3. Toll-like receptors (TLRs) are a set of transmembrane receptors that recognize different types of PAMPs. TLRs are found on macrophages, dendritic cells, and epithelial cells.

In all these cases, binding of the pathogen to the TLR initiates a signaling pathway, leading to the activation of nuclear factor κB (NF-κB, light-chain enhancer of activated B cells). This transcription factor turns on many cytokine genes, such as tumor necrosis factor α (TNF-α), interleukin-1 (IL-1), and chemokines. All these effector molecules lead to the inflammation site (see Chapter 5).

CASE STUDY

A 1-month-old infant female neonate born 6 weeks premature was admitted for surgery to her foot. Several days after hospital discharge, her parents brought her back to the emergency department because she had a high fever and was crying all of the time. Physical examination revealed increased body temperature, increased respiration rate, and increased heart rate. She also had redness around the site of an inserted percutaneous central line related to her surgery.

Her blood count was normal except for a decreased concentration of blood platelets. A smear and a culture were taken from the inflamed area. The direct smears revealed the presence of yeast. Pending results of the culture, the patient was started on antifungal therapeutics. She was admitted to the hospital, where her condition improved within the first 24 hours.

Subsequently, the culture demonstrated Candida albicans.

Questions

See Appendix A for the answers to these questions.

Chapter Highlights

• Immunology is defined as the study of the molecules, cells, organs, and systems responsible for the recognition and disposal of nonself material; how body components respond and interact; desirable or undesirable consequences of immune interactions; and how the immune system can be manipulated to protect against or treat disease.
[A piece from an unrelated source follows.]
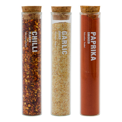 Nicolas Vahé Spices Chilli, Garlic, Smoked Paprika leveres i elegante glasrør med korklåg, der holder krydderierne friske. Brug sættet til alt fra pizza og pastaretter til simreretter og marinader. Et godt valg til dig, der elsker krydret og velafbalanceret mad.

• The function of the immune system is to recognize self from nonself and to defend the body against nonself.

• The first line of defense against infection is unbroken skin, mucosal membrane surfaces, and secretions.

• Natural immunity consisting of cellular and humoral defense mechanisms forms the second line of body defenses.

• If a microorganism overwhelms the body’s natural resistance, a third line of defensive resistance, acquired (or adaptive) immunity, allows the body to recognize, remember, and respond to a specific stimulus, an antigen. Antibody-mediated immunity to infection can be acquired if the antibodies are formed by the host (active immunity) or received from another source (passive immunity).

• Cell-mediated immunity differs from antibody-mediated immunity.

• Lymphocytes are immunologically active through direct cell to cell contact and production of cytokines for specific immunologic functions, such as recruitment of phagocytic cells to the site of inflammation.

• The main difference between the innate and adaptive immune systems is the mechanisms and receptors used for immune recognition.